Additional Questions:

1. How do we find the Maclaurin series for other trigonometric functions like $\sin(x)$ or $\cos(x)$?
2. What is the radius of convergence for the Maclaurin series of $\tan(x)$?
3. How would the Maclaurin series change if we were looking for a different function, such as $\arctan(x)$?
4. What are some common applications of Maclaurin series in physics or engineering?

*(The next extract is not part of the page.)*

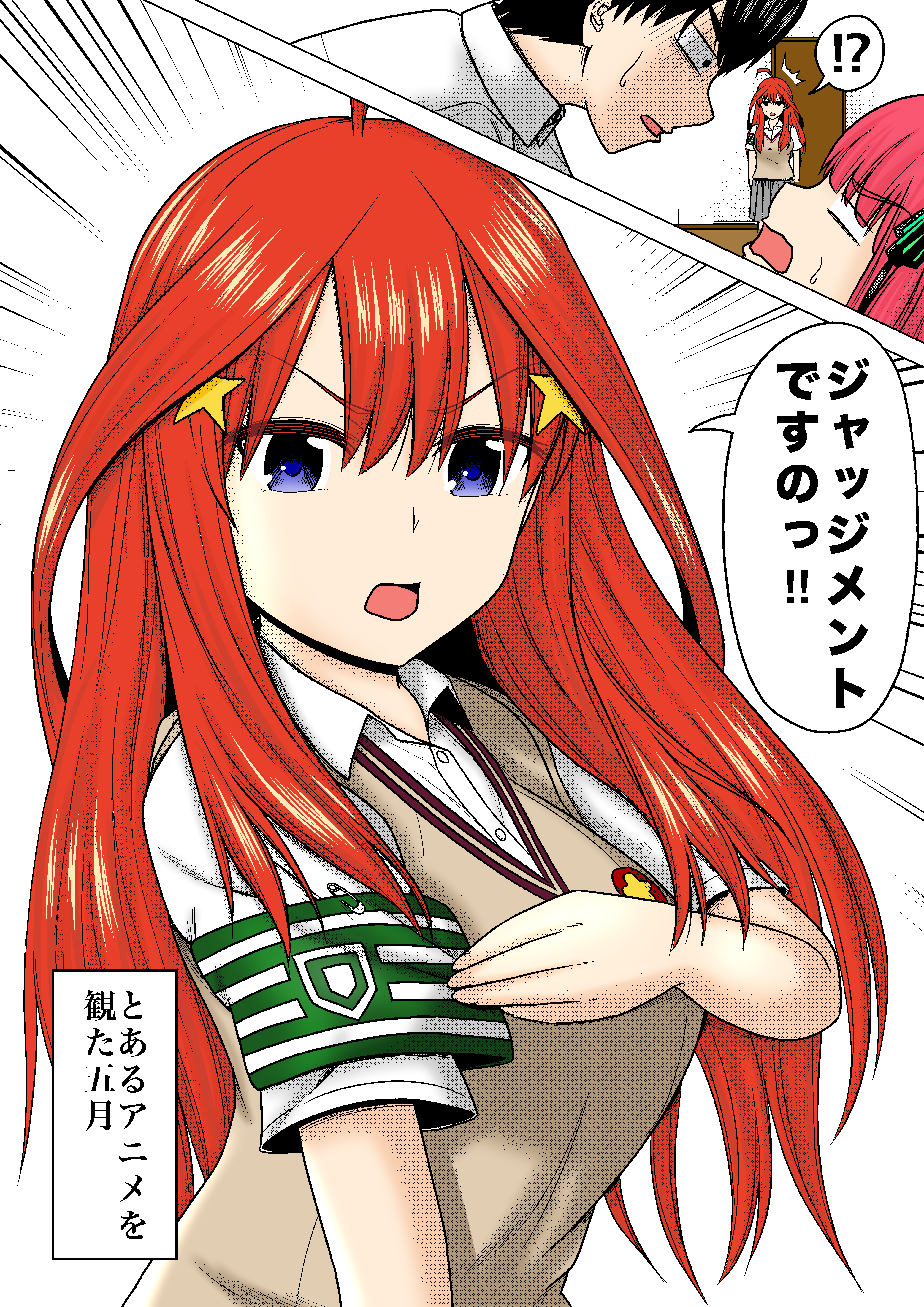 !? 1boy 2girls ^^^ absurdres armband black_hair black_ribbon blue_eyes brown_sweater_vest butterfly_hair_ornament collared_shirt commentary_request cosplay go-toubun_no_hanayome green_armband hair_ornament highres judgement_armband_(toaru) long_hair multiple_girls nakano_itsuki nakano_nino pink_hair pose_imitation red_hair ribbon school_emblem school_uniform shirai_kuroko shirai_kuroko_(cosplay) shirt short_hair short_sleeves speech_bubble star_(symbol) star_hair_ornament summer_uniform sweater_vest toaru_kagaku_no_railgun toaru_majutsu_no_index tokiwadai_school_uniform toyoki_tatenobu translation_request uesugi_fuutarou v-neck white_shirt

5. How do you compute higher-order derivatives for more complicated functions?

Tip: Understanding how to derive and apply series expansions is useful for approximating functions, especially when dealing with small values of $x$ in practical applications.